What to work on: Retype every line from the start of the data down to and including the line with "Kit 3 quadros". Skip the pictures.

Available data:

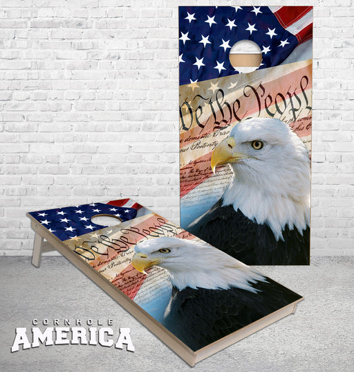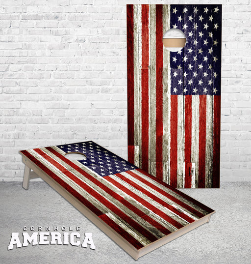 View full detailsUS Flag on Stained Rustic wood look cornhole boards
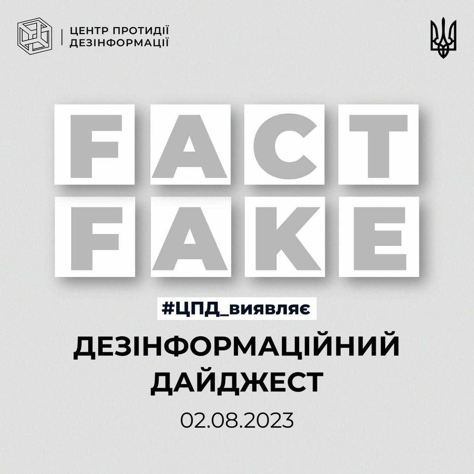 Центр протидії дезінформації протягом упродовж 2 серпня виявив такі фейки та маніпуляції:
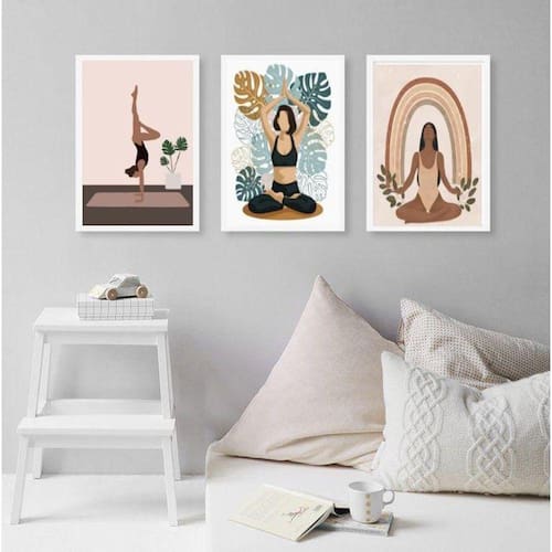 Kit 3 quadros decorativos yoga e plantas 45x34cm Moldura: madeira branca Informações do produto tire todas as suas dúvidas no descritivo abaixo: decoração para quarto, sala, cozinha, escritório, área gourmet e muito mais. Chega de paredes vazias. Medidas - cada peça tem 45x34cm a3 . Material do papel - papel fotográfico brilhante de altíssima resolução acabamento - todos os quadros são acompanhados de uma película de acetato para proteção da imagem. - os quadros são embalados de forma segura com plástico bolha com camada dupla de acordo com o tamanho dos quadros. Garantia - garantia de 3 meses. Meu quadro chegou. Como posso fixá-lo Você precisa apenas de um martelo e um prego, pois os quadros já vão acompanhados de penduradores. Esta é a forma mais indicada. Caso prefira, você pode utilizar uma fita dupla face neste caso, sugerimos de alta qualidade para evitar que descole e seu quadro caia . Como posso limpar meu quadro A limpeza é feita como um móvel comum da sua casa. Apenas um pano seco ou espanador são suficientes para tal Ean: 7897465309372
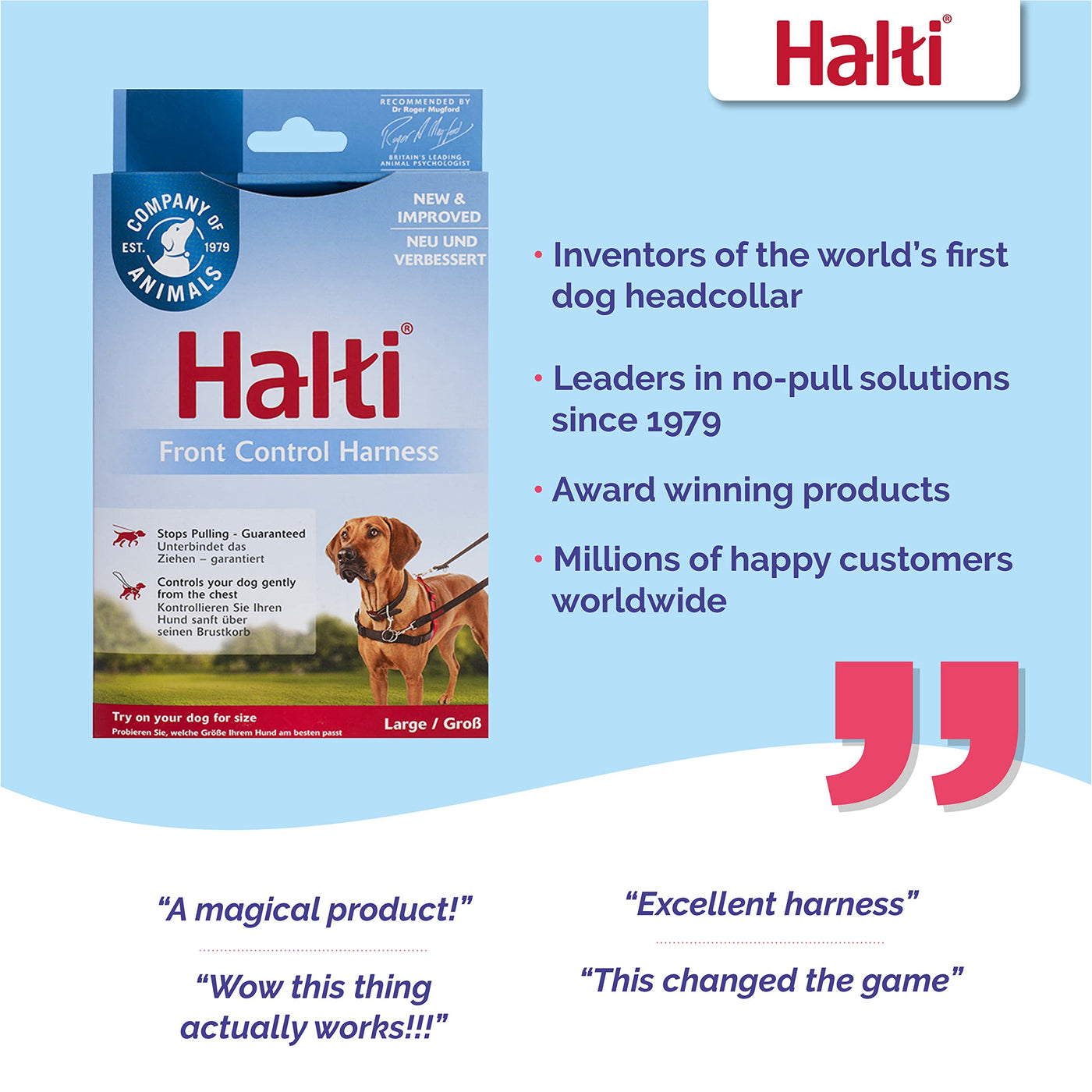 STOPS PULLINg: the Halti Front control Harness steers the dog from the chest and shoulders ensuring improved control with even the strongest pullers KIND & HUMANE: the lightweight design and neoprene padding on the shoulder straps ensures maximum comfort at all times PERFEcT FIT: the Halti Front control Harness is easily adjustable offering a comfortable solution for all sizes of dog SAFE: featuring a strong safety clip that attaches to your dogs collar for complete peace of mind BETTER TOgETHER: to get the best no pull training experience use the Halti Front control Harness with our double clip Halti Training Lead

Result of this exercise:
 View full detailsUS Flag on Stained Rustic wood look cornhole boards
 Центр протидії дезінформації протягом упродовж 2 серпня виявив такі фейки та маніпуляції:
 Kit 3 quadros decorativos yoga e plantas 45x34cm Moldura: madeira branca Informações do produto tire todas as suas dúvidas no descritivo abaixo: decoração para quarto, sala, cozinha, escritório, área gourmet e muito mais. Chega de paredes vazias. Medidas - cada peça tem 45x34cm a3 . Material do papel - papel fotográfico brilhante de altíssima resolução acabamento - todos os quadros são acompanhados de uma película de acetato para proteção da imagem. - os quadros são embalados de forma segura com plástico bolha com camada dupla de acordo com o tamanho dos quadros. Garantia - garantia de 3 meses. Meu quadro chegou. Como posso fixá-lo Você precisa apenas de um martelo e um prego, pois os quadros já vão acompanhados de penduradores. Esta é a forma mais indicada. Caso prefira, você pode utilizar uma fita dupla face neste caso, sugerimos de alta qualidade para evitar que descole e seu quadro caia . Como posso limpar meu quadro A limpeza é feita como um móvel comum da sua casa. Apenas um pano seco ou espanador são suficientes para tal Ean: 7897465309372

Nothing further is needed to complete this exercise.